For those who are not familiar with the project, CuPy has several unique features making it an excellent choice for numerical computation. First, CuPy is a drop-in replacement for NumPy and SciPy and used to perform numerical computation on GPUs, thus allowing developers to create, manipulate, and operate on larger n-dimensional arrays faster than they can on CPUs. As a drop-in replacement, CuPy helps users without knowledge of GPU programming accelerate their existing pipelines, while also accommodating more experienced programmers who want to write low-level GPU routines directly in Python. Second, CuPy conveniently integrates with popular Deep Learning frameworks, such as PyTorch and TensorFlow, and allows developers to efficiently deploy new operators, modules, and functions. And lastly, CuPy is flexible with respect to the hardware used, allowing kernel execution not just on NVIDIA GPUs (via CUDA), but also on AMD GPUs. Support for AMD GPUs is thanks to the HIP integration effort pushed during the past year, thus making CuPy a universal, vendor-free library that can be used regardless of the GPU accelerator available.
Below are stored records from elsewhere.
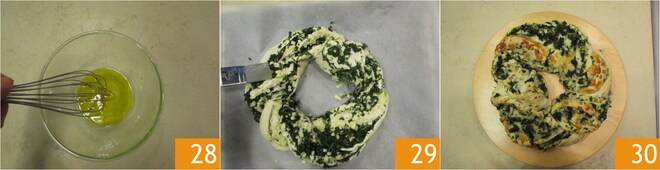 Machen Sie eine Emulsion aus Wasser und Öl 28. Bestreichen Sie damit die Oberfläche 29 und backen Sie im vorgeheizten Ofen bei 180°C Ober-/Unterhitze für 60 Minuten. Legen Sie ein Blech über den Kranz, um zu verhindern, dass die Heizspirale des Ofens die Oberfläche zu stark färbt, entfernen Sie es dann 15 Minuten vor Ende des Backens, um die Zubereitung leicht zu färben. Nehmen Sie den herzhaften Kranz mit Käse und Rübstiel aus dem Ofen und servieren Sie ihn lauwarm 30.
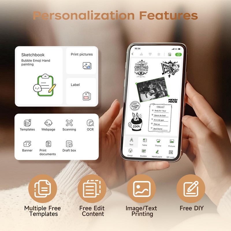 This portable thermal printer uses thermal printing technology, does not require ink,and has clear printing effects. This sticker printer supports the snap-and-print function.Label printer for study notes,lists,pictures,DIY creations
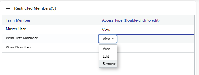 Additionally, managers can change the access type of a user by double-clicking on the "Access Type" column.
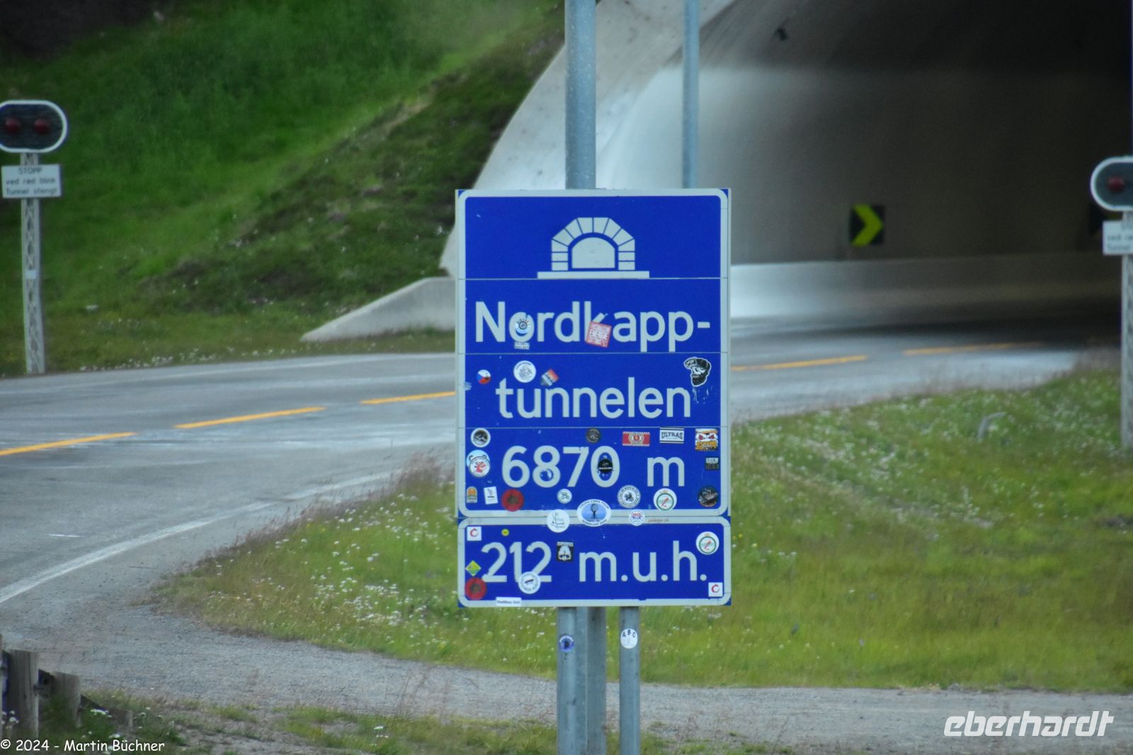 Wir erreichen die Nordkapp-Insel Magerøya - die margere Insel. Die Insel erreicht man über den Nordkapptunnel - mit 9% Gefälle und Steigung im Tunnel und einer Tiefe von gut 263 Meter unter dem Meeresspiegel unterqueren wir den Sund.

Over the past few years, CuPy's compatibility with NumPy has improved to the point that most commonplace and popular APIs are now available, including n-dimensional array creation, operation, and manipulation, linear algebra, fast Fourier transforms (FFTs), and statistics. Given the great progress in replicating the NumPy API on GPU, the next step was to port the extensive SciPy API to support GPUs, as well. This has led to several improvements, such as sparse array support and spatial computation.
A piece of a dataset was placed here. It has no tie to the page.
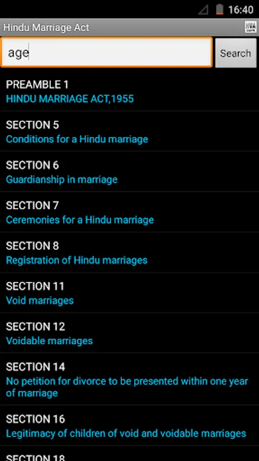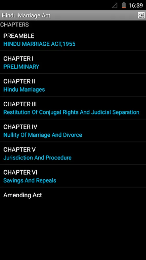 A fully functional, uptodate and FREE application featuring The Hindu Marriage Act, 1955 with latest amendments. This application, among many other features, has powerful search functionality and an intuitive user interface.
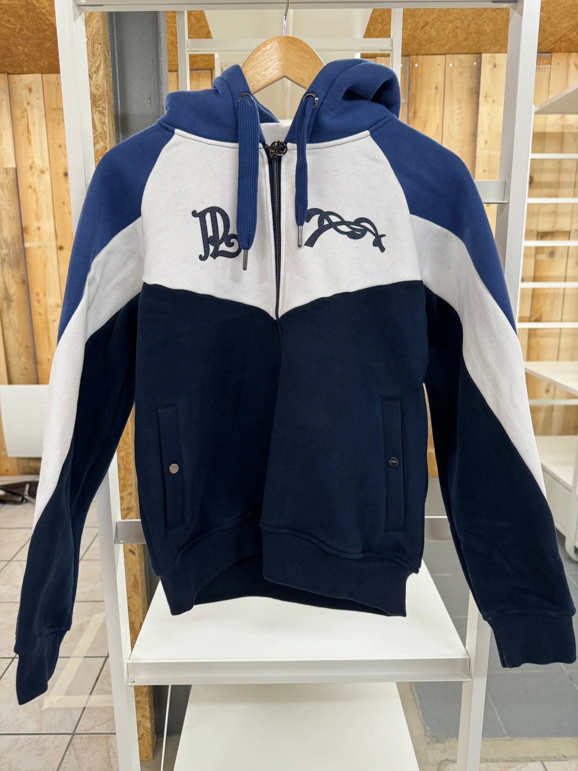 Sweat-shirt New Twister PENELOPE zippé sur le devant et composé de deux poches sur le devant qui se ferment par des pressions. Esprit color block car composé de trois couleurs : bleu lumière sur la capuche et le haut des épaules, blanc sur le haut du sweat et marine sur le reste du corps. A l’avant, sur le cœur et à droite, le monogramme PL et le logo Pénélope se répondent dans un joli glitter perforé marine.

Porting SciPy APIs is a significant undertaking. Until recently, there were
several modules, such as interpolation and signal processing, that were missing
or had a partial API coverage and are critical in scientific
applications like image and audio processing, weather, radar and spectral analysis,
as well as computational chemistry and sensor design. Given this interest, a
joint CZI grant (EOSS Cycle 5) was proposed between
Preferred Networks and Quansight Labs in order
to reduce the gap between SciPy and CuPy and to specifically port most of the
APIs available in the scipy.interpolate
and scipy.signal
namespaces.
During the first year of the grant work, a team of developers at Quansight Labs have teamed up with CuPy maintainers at Preferred Networks to increase the coverage of interpolation and signal processing subpackages, where, as of CuPy pre-release 13.0.0b1, 18 interpolation and more than 100 signal APIs are now available, including basis splines, regular grid interpolation, and piecewise polynomials for the interpolation module and IIR linear filtering, filter design, linear time invariant systems, and peak finding for the signal processing subpackage.
As expected, all the ported APIs afford a significant performance increase
relative to the SciPy CPU reference implementations by exploiting the parallel
nature of GPU kernels (whereas CPU implementations are sequential).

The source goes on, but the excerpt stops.